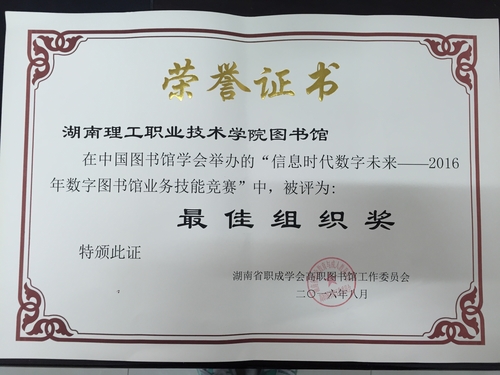 年数字图书馆业务技能竞赛”中被评为最佳组织奖。
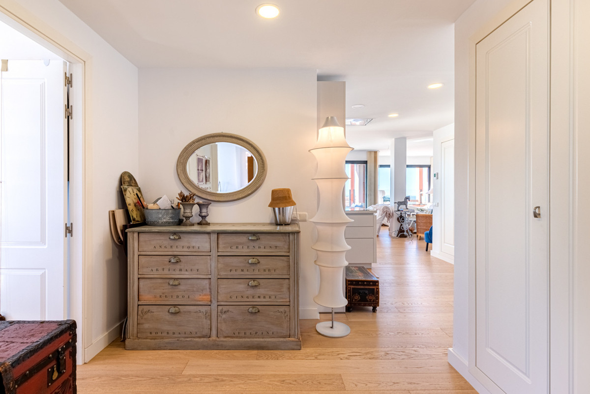 The bedroom area that contains the master bedroom and a second bedroom also has amazing sea views from both bedrooms with direct access to the terrace. One bedroom is “en-suit” with a bathroom with both a bathtub and a shower. The second bathroom in the hallway is having a shower.
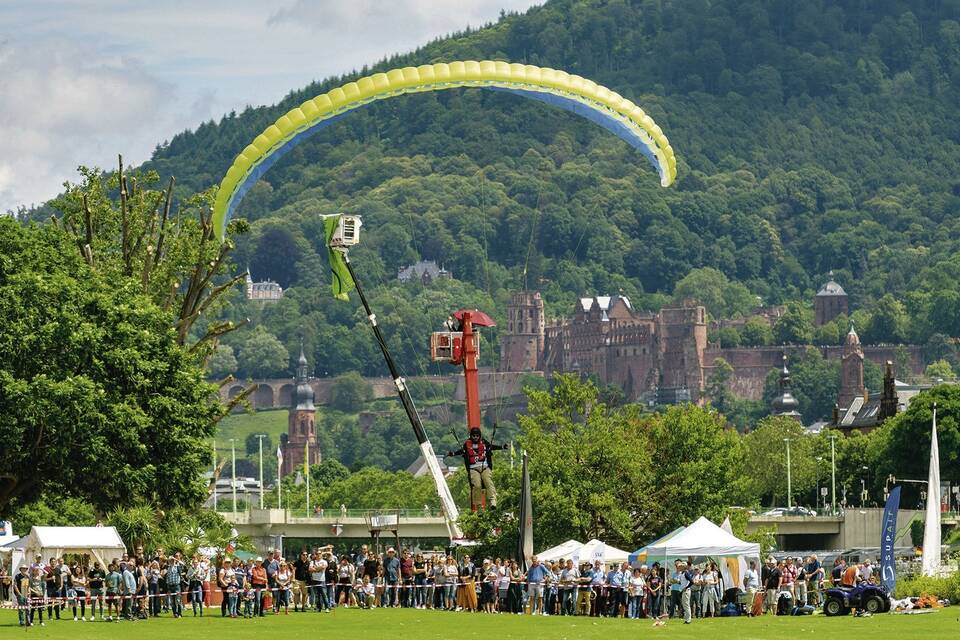 Action gab’s nicht nur im Wasser: Ein Gleitschirmflieger schwebte auf der Neckarwiese ein.
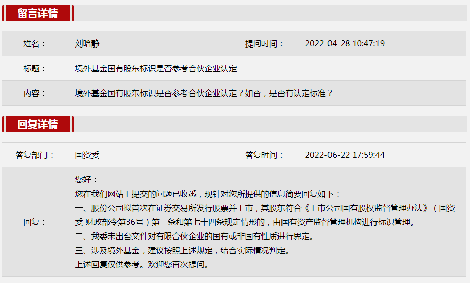 5.关于境外基金国有股东标识是否参考合伙企业认定的问题。
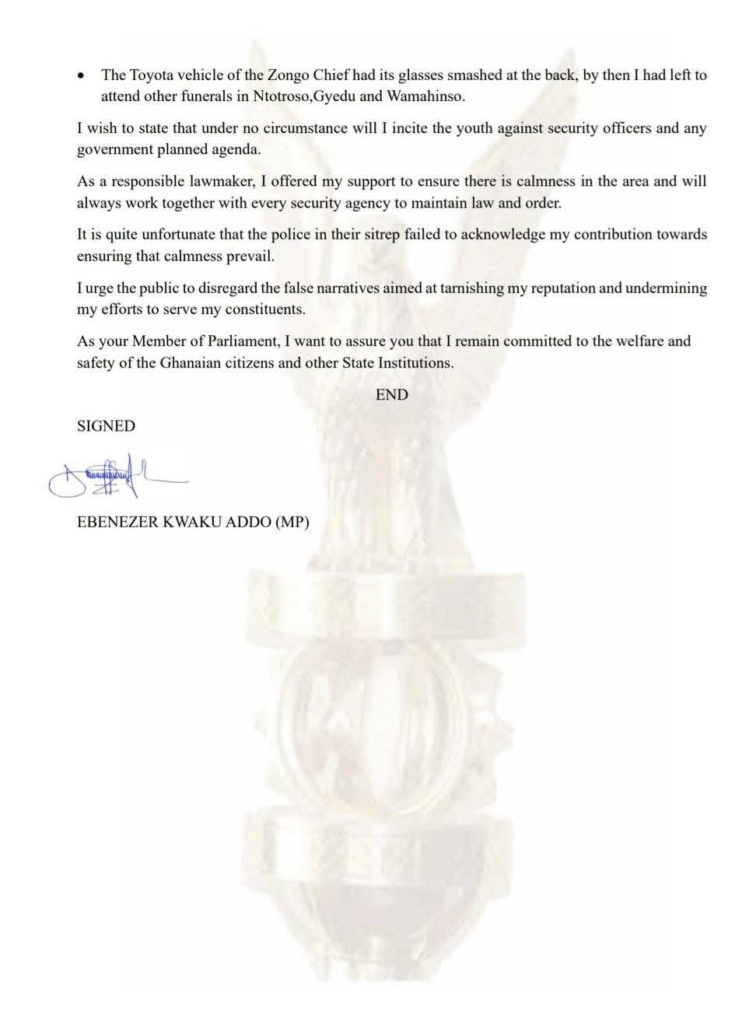 According to the Police statement, Ebenezer Kwaku Addo, the Member of Parliament for the Asutifi North Constituency, has been invited to assist with the probe.
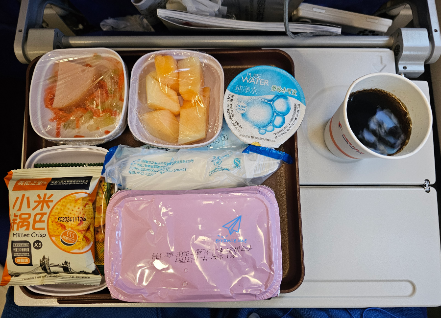 승무원이 메뉴 두 개 정도를 말해줬는데 알아 듣지를 못했습니다. 그냥 뭐라고 묻길래 맞다고 했더니 소고기 볶음면을 내줬습니다. 음료도 선택이 가능해서 콜라를 주문했습니다.
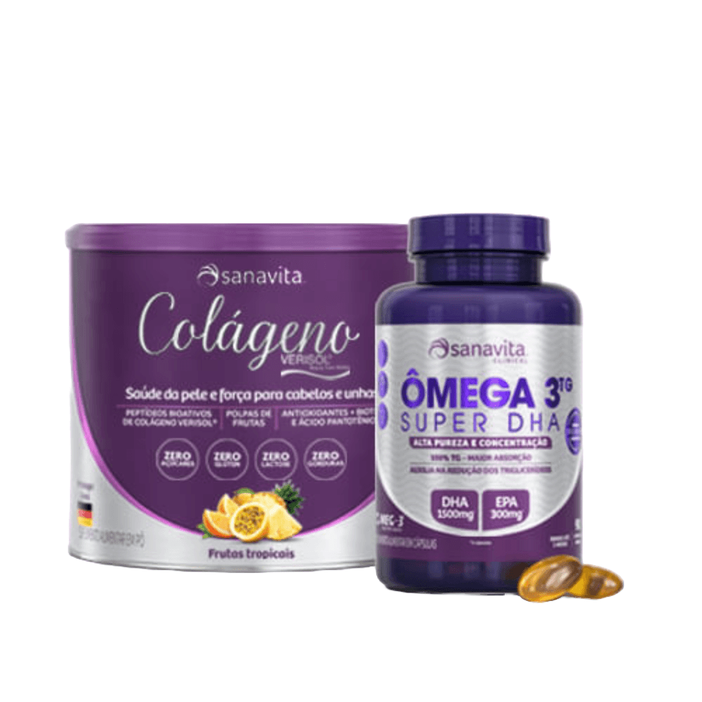 Combo Praticidade Colágeno Verisol 330g + Ômega 3 Sanavita 90 Cápsulas

-----

Omit all pictures while transcribing the entries verbatim.

 年数字图书馆业务技能竞赛”中被评为最佳组织奖。
 The bedroom area that contains the master bedroom and a second bedroom also has amazing sea views from both bedrooms with direct access to the terrace. One bedroom is “en-suit” with a bathroom with both a bathtub and a shower. The second bathroom in the hallway is having a shower.
 Action gab’s nicht nur im Wasser: Ein Gleitschirmflieger schwebte auf der Neckarwiese ein.
 5.关于境外基金国有股东标识是否参考合伙企业认定的问题。
 According to the Police statement, Ebenezer Kwaku Addo, the Member of Parliament for the Asutifi North Constituency, has been invited to assist with the probe.
 승무원이 메뉴 두 개 정도를 말해줬는데 알아 듣지를 못했습니다. 그냥 뭐라고 묻길래 맞다고 했더니 소고기 볶음면을 내줬습니다. 음료도 선택이 가능해서 콜라를 주문했습니다.
 Combo Praticidade Colágeno Verisol 330g + Ômega 3 Sanavita 90 Cápsulas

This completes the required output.